In contrast to the brief extracts that make up the suite from My Past and Thoughts, Agony comprises four more expansive movements, once again framed by related outer movements, in this case a passacaglia which is stirringly dominated by side-drum and brass to begin whilst treated more reflectively to conclude before building to a strident conclusion. The wonderfully macabre waltz and tango that form the central panels (the tango surfaces in several other Schnittke works) are in sharp contrast, yet combine to form what I feel is probably the most musically satisfying of the four suites. This despite the fact that this particular suite was reconstructed with great difficulty after the original was destroyed by the Soviet authorities as a result of its "subversive" subject matter involving Rasputin’s influence over the Tsar.

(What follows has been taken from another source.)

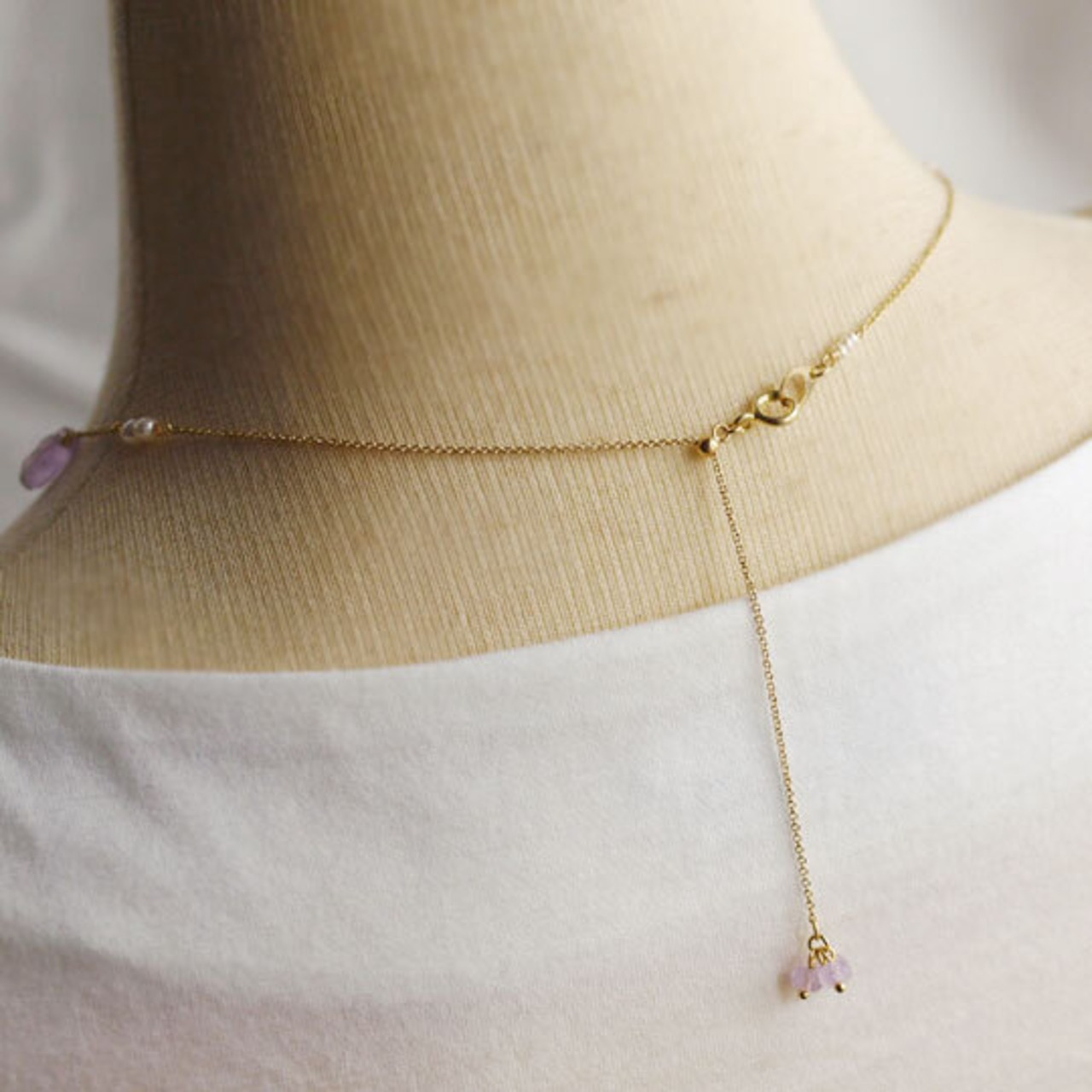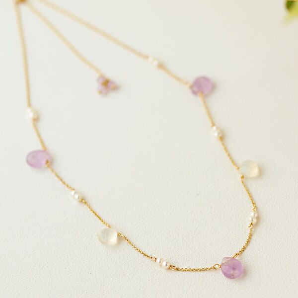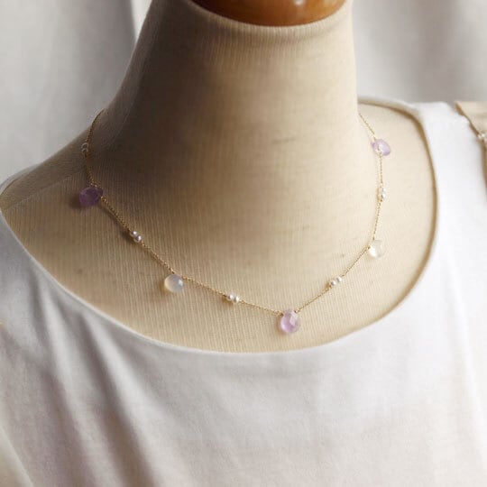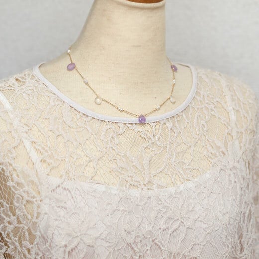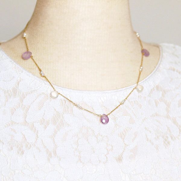 ほんのりとした紫色のラベンダーアメジストドロップのネックレス。

The brief suite from The End of St. Petersburg, Schnittke’s first score for a silent film, was composed jointly by the composer and his son Andrey who produced parts for live electronics. Overall I find it to be less effective than its predecessors, the changes in Schnittke’s compositional language evident if not as accentuated as in the works for the concert hall. Interestingly The Master and Margarita of three years later is clearly more reminiscent of his earlier style and all the more effective for it. The aforementioned extraordinary treatment of Ravel’s Bolero represents Satan’s ball at which all manner of villains and demons present themselves. Demonic and grotesque it certainly is, not to mention brilliant in its inspiration.

Bringing this music to disc has clearly been a labour of love for Frank Strobel who should to be applauded for his efforts. The Rundfunk-Sinfonieorchester Berlin play with genuine commitment and although, perhaps inevitably, the music is variable in its effectiveness, anyone with an interest in Schnittke’s music should not be without it.